* [DESCRIPTION OF THE TASK]
Write out the entire listing below exactly, with the pictures left out.

* [PROVIDED DATA]
********
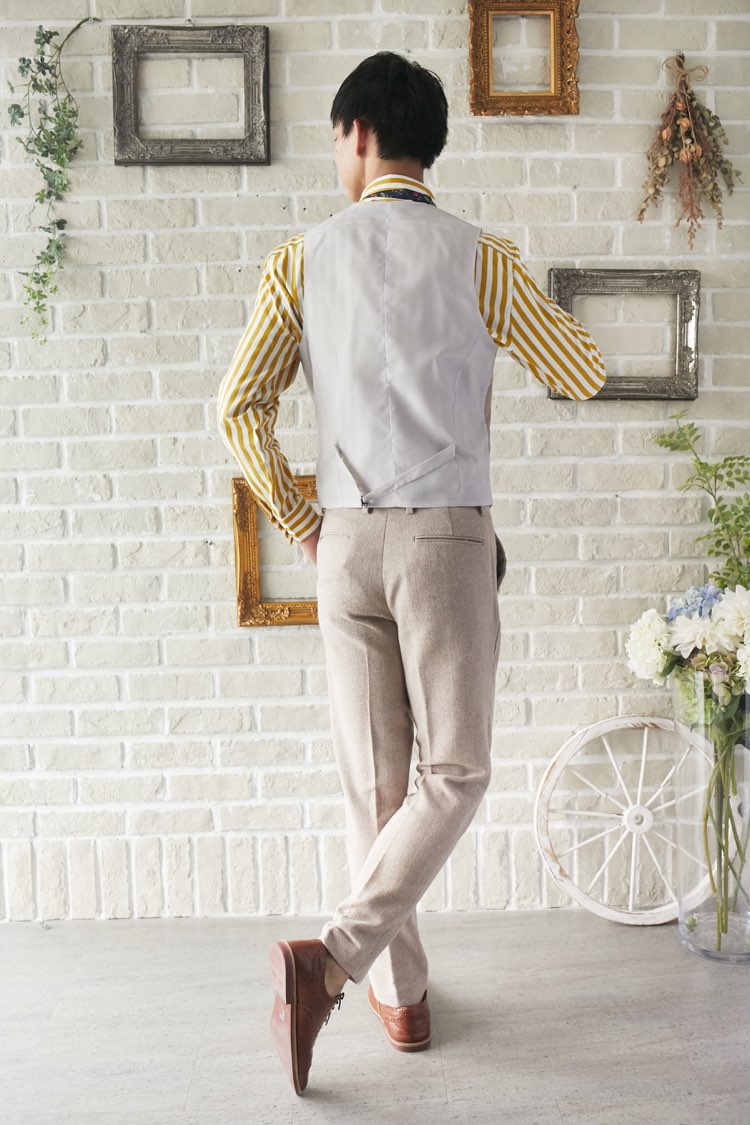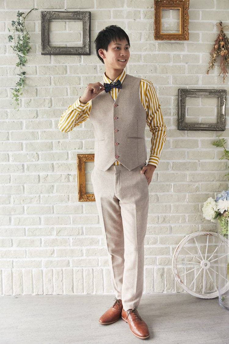 優しいピンクベージュのベストです。少し厚手の素材。シリーズは、ジャケット、ベスト、パンツの3ピースの展開。3ピースに白のウィングカラーシャツで合わせればきちんとしたフォーマルな装いに。シンプルなデザインですので、どんなアイテムとも相性が良く合わせやすいです。無地のグレーやブラウンのスラックスやホワイトのチノパン、チェック柄のパンツとも相性良いです。チェックやストライプ柄やネイビー、グレー、ライトブルーなどのジャケットで合わせたり、ジャケットをシンプルにして、チェック、ドット、ストライプ、花柄、マスタードイエロー、グレーシャツで合わせてカジュアルな二次会タキシードとしてもオシャレに仕上がります。また、裏地が花柄になっていてちらっと見えてもおしゃれですよ。二次会ウェディング・海外やフォトウェディング、前撮りにまで幅広いシーンでご使用いただけます。結婚式お呼ばれや謝恩会、会社の懇親会などのパーティーにも。オールシーズン適していますが、特に秋冬シーズンにオススメです。
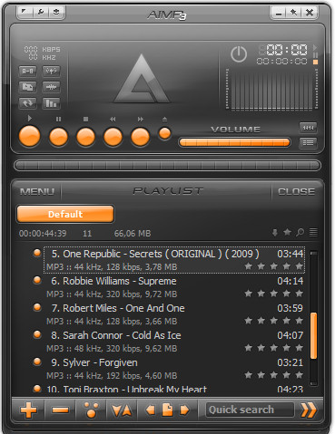 AIMP - программа, которая разрабатывалась как аналог всем известного медиаплеера Winamp. На данный момент программа включает в себя множество дополнительных модулей: CD-Ripper, Tag Editor, Audio-player, аудио конвертер, запись аудио и дисков с данными и многое другое. AIMP заменяет множество программ, благодаря чему теперь не нужно искать специальный софт, скажем, для перегона Audio-CD в MP3 - это уже предусмотрено в AIMP. Программа позволяет воспроизводить без плагинов множество форматов, включая WAV, MP3, MP2, MP1, OGG, WMA, UMX и многие другие. Интерфейс программы выглядит очень стильно, а также имеет многоязычную поддержку, включая русский язык.
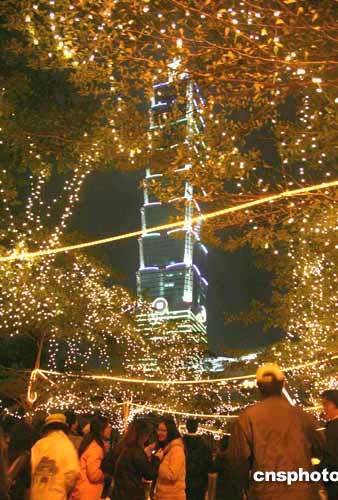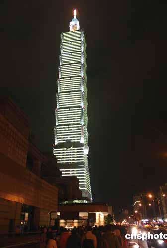 2004年12月31日夜晚,世界最高的臺北101大樓落成啟用。入夜后,整座大樓景觀燈齊亮,蔚為壯觀。作者:黃少華
********
* [EXERCISE ANSWER]
 優しいピンクベージュのベストです。少し厚手の素材。シリーズは、ジャケット、ベスト、パンツの3ピースの展開。3ピースに白のウィングカラーシャツで合わせればきちんとしたフォーマルな装いに。シンプルなデザインですので、どんなアイテムとも相性が良く合わせやすいです。無地のグレーやブラウンのスラックスやホワイトのチノパン、チェック柄のパンツとも相性良いです。チェックやストライプ柄やネイビー、グレー、ライトブルーなどのジャケットで合わせたり、ジャケットをシンプルにして、チェック、ドット、ストライプ、花柄、マスタードイエロー、グレーシャツで合わせてカジュアルな二次会タキシードとしてもオシャレに仕上がります。また、裏地が花柄になっていてちらっと見えてもおしゃれですよ。二次会ウェディング・海外やフォトウェディング、前撮りにまで幅広いシーンでご使用いただけます。結婚式お呼ばれや謝恩会、会社の懇親会などのパーティーにも。オールシーズン適していますが、特に秋冬シーズンにオススメです。
 AIMP - программа, которая разрабатывалась как аналог всем известного медиаплеера Winamp. На данный момент программа включает в себя множество дополнительных модулей: CD-Ripper, Tag Editor, Audio-player, аудио конвертер, запись аудио и дисков с данными и многое другое. AIMP заменяет множество программ, благодаря чему теперь не нужно искать специальный софт, скажем, для перегона Audio-CD в MP3 - это уже предусмотрено в AIMP. Программа позволяет воспроизводить без плагинов множество форматов, включая WAV, MP3, MP2, MP1, OGG, WMA, UMX и многие другие. Интерфейс программы выглядит очень стильно, а также имеет многоязычную поддержку, включая русский язык.
 2004年12月31日夜晚,世界最高的臺北101大樓落成啟用。入夜后,整座大樓景觀燈齊亮,蔚為壯觀。作者:黃少華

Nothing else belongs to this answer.